The encoder may optionally be given a SharedKeys object that manages a mapping of strings to integers. If so, it will consult that object before writing a dictionary key, and if it returns an integer, the encoder will write that instead. The SharedKeys class is adaptive, so when it's given a string not in the mapping, and the string is considered eligible for mapping, it will add it to the list and return the newly assigned integer. This allows the mapping to grow adaptively as data is encoded. Of course the client is responsible for persistent storage of the mapping, and making sure that readers have access to it as well.

Delta Encoding

A modified version of a document can be encoded as a delta: a shorter piece of data that, when appended to the original encoded document, forms a complete Fleece document containing the modified values. The reason the delta is shorter is that it encodes unchanged values as pointers back to where the values appear in the original data. The only values that have to be written explicitly to the delta are those that changed, plus their containers. The root value (usually a Dict) always has to be rewritten since it's the ultimate container of everything.

Dictionary inheritance makes deltas even more space-efficient, since only those key/value pairs that changed have to be rewritten.
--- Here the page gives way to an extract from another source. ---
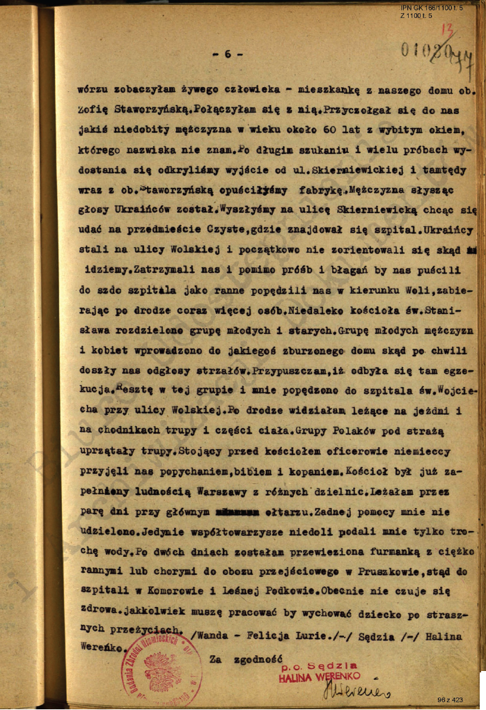 Warszawa, dnia 20 listopada 1946 r. pełniąca obowiązki Sędziego Śledczego Sądu Okręgowego w Warszawie Halina Werenko działając na mocy Dekretu z dnia 10.XI.1945 r. o Głównej i Okręgowych Komisjach Badania Zbrodni Niemieckich w Polsce / Dz.U.R.P.Nr.51,poz.293 / dokonała za pośrednictwem biegłego sądowego profesora Uniwersytetu i. Warszawskiego Wiktora Grzywo-Dąbrowskiego oględzin sądowo-lekarskich poszkodowanej Wandy Felicji Lurie z Podwysockich, która wylegitymowała się tymczasowym zaświadczeniem Zarządu Gminnego w Helenowie wystawionym w dniu 16 lutego 1945 r.

A delta is generated by setting the base property of the Encoder to point to the original Fleece data (its address and length) before encoding begins. During encoding, the client should write the unchanged values as Value pointers (i.e. call writeValue()); the encoder will recognize a Value that points within the base document and write a pointer to it.

Literally appending the delta onto the original base document may be impractical. In that case, you can tell the Encoder to set the extern flag on pointers into the base; there's an optional parameter to setBase that enables this. You then need to open the delta document with a Doc and specify the (current) location of the base data in the externData constructor parameter.